The wind was right and we carefully picked are steps, not making a sound. Soon we stood so close that we could smell the stench of the wild beast. The elephants began to sense are presence, so we carefully backed away from the elephants and returned home for snacks before bedtime.

Over the years I have penned a few stories for this paper describing some of the adventures shared between me and my girls. They have been my favorite columns. I'm not sure how the girls felt about me sharing them with the rest of the county, but a dad treasures telling stories of his children.

You know those early spring days where you can feel that winter is finally gone as the sun shines with warmth and the warm air fills the breeze? It was one of those days. I had come inside the house from whatever it was I was doing and my two daughters where playing inside the house.

I proclaimed in my fatherly voice, "It is too nice to be inside; you two need to go outside and play."

I returned to the house an hour later from running errands and found those two in the front yard sitting on a blanket playing a board game. Well, at least they were outside.

For many years, our family vacations were to the beach. We would take our annual trek to the Outer Banks of North Carolina. There is a photograph sitting on my dresser of my girls barely out of diapers surf fishing Oregon Inlet. I remember that day like it was yesterday. Instead of building sandcastles and playing in the surf, dad took them "4-wheel'n" across the beach and fishing. We played with yucky bait, dropped fishing reels in the sand, and caught croaking fish. I remember it like it was yesterday. I still think of the time, the youngest sat on my lap driving my truck across the beach sands and the oldest was jealous because, "she got to drive before I did."

A few years later the oldest was climbing rocky trails in my old jeep like a pro before she even had her driver's license.

Another time at the Outer Banks, I dragged my oldest out of bed before sun up to go fishing. Looking back now, I'm pretty sure that's not exactly what a pre-teen wanted to do while on vacation. We ended up getting lost looking for the boat ramp, almost sinking the boat because of a forgotten plug, and limping back to the boat ramp using the electric motor when then outboard quit working. Even with all the mishaps that morning, it felt like bonding time to dad. To her, I figure she just wishes she could have stayed in bed that morning.

Recently the city of Westminster completed rebuilding the town pond. With mixed emotions, I watched as the pond was "improved."

I cannot begin to count the hours we spent at the pond fishing, playing and hiking. Both of my daughters caught their first fish at the Westminster pond.
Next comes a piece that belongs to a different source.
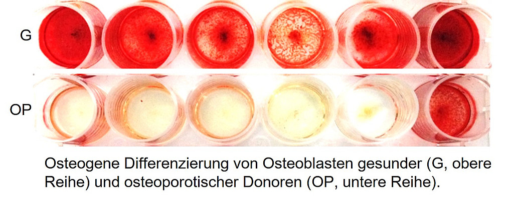 In diesem Themenbereich interessiert uns neben den Einflüssen eines erhöhten altersbedingten oxidativen Stresses auch der Einfluss eines erhöhten altersbedingten Entzündungsstatus auf das osteogene Differenzierungspotential humaner Stammzellen und Osteoblasten, gewonnen aus jungen sowie älteren Donoren. Das Krankheitsbild der Osteoporose ist vermeintlich das Resultat eines erhöhten oxidativen Stresses sowie einer chronisch systemischer Entzündung (“Inflammaging“). Neuere Befunde deuten zudem darauf hin, dass in der Pathogenese der Osteoporose der Muskelzellmetabolismus ebenfalls eine wichtige modulierende Rolle spielen könnte. Zu klären, ob diese Annahme stimmt und sich im Rahmen eines in vitro in Zellkultur mit primären Osteoblasten modellieren und bestätigen lässt, ist das Ziel unterschiedlicher Projekte dieses Themenbereichs.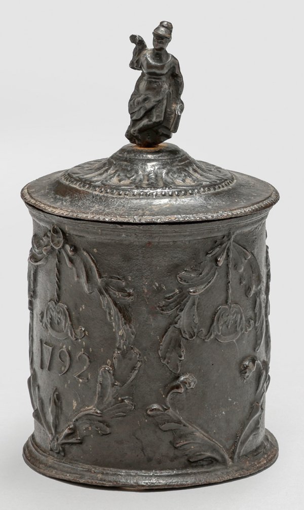 Tabaktopf Gusseisen. Über leicht ausgestelltem Stand zylindrischer Korpus umlaufend mit Ranken und Voluten verziert. Schauseitig das Datum 1792. Der Deckel mit Perlfries und Rocaillen verziert und zur Mitte hin leicht gewölbt. Als Handhabe eine vollplastisch gearbeitete Frauengestalt mit einem Buch in der Hand. Innen eine eingesetzte Platte mit Griff zum Beschweren. Auf der Deckelinnenseite unidentifizierbarer Gießereistempel. Altersbedingte Gebrauchsspuren. H. 23 cm. D. 13 cm.

The best bait was bread. We would stop at Highs and get a loaf of bread before visiting the pond. Using very small hooks and bobbers, we would bait up with dough balls and cast out into the pond. The small catfish or bluegills would jump on the bait in a matter of seconds. After catching a few fish, we put down the rods and went to play on the playground for a while.


Years later I would watch as my oldest killed her first deer and my youngest learn how to live line for rockfish from two of my own fishing heroes, Captain Roy and Bill Burton. I hope they treasure those times as much as I do. For today, looking back, I wonder if it was done more for me than for them. We didn't play dress up, we went outside to play.
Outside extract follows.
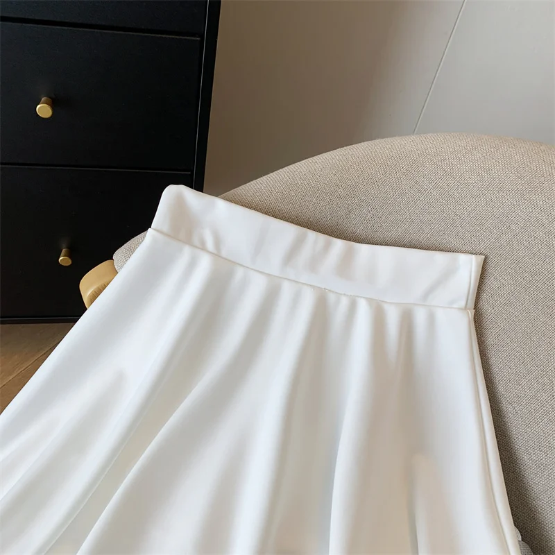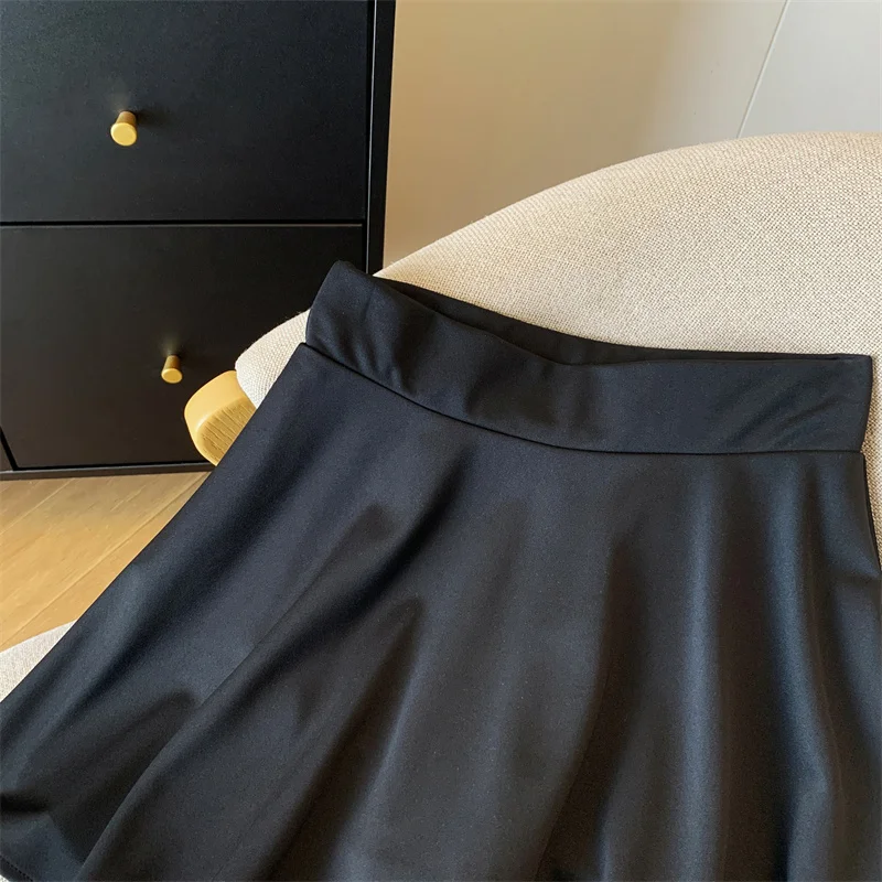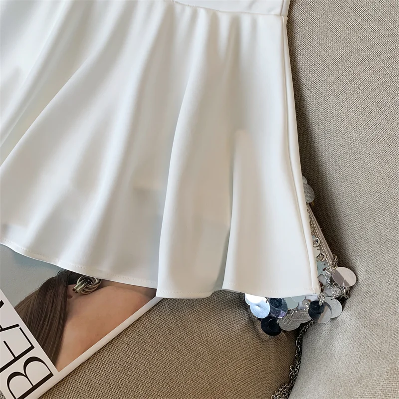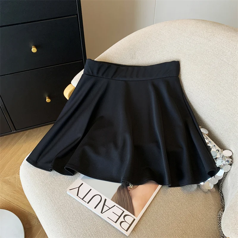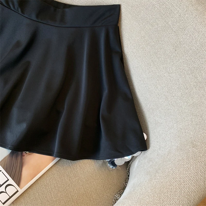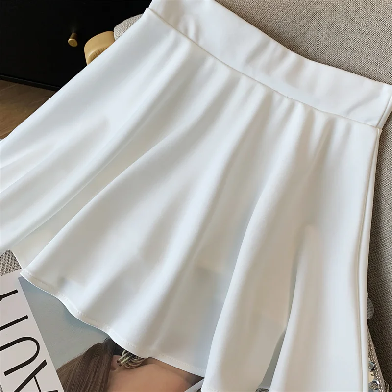 Spring Summer Black A-line Pleated Skirts White Elastic High Waist Slim Short Skirt For Girls Ruffle Edge Party Skirt Simplicity

Yes, I am an outdoorsman. I feel the most alive when I'm standing waist deep in a river on a hot summer day or slowly stalking through the hardwoods with a rifle in hand. As they grew, I shared myself with my girls, sharing what I know and love. Maybe I did not treat them like the little girls they were, but as they have grown into young adults, I hope they learned the lessons I tried to teach.

Be true to yourself, find God in all he has made, and go outside to play, even if it is in the front yard on a blanket playing a board game.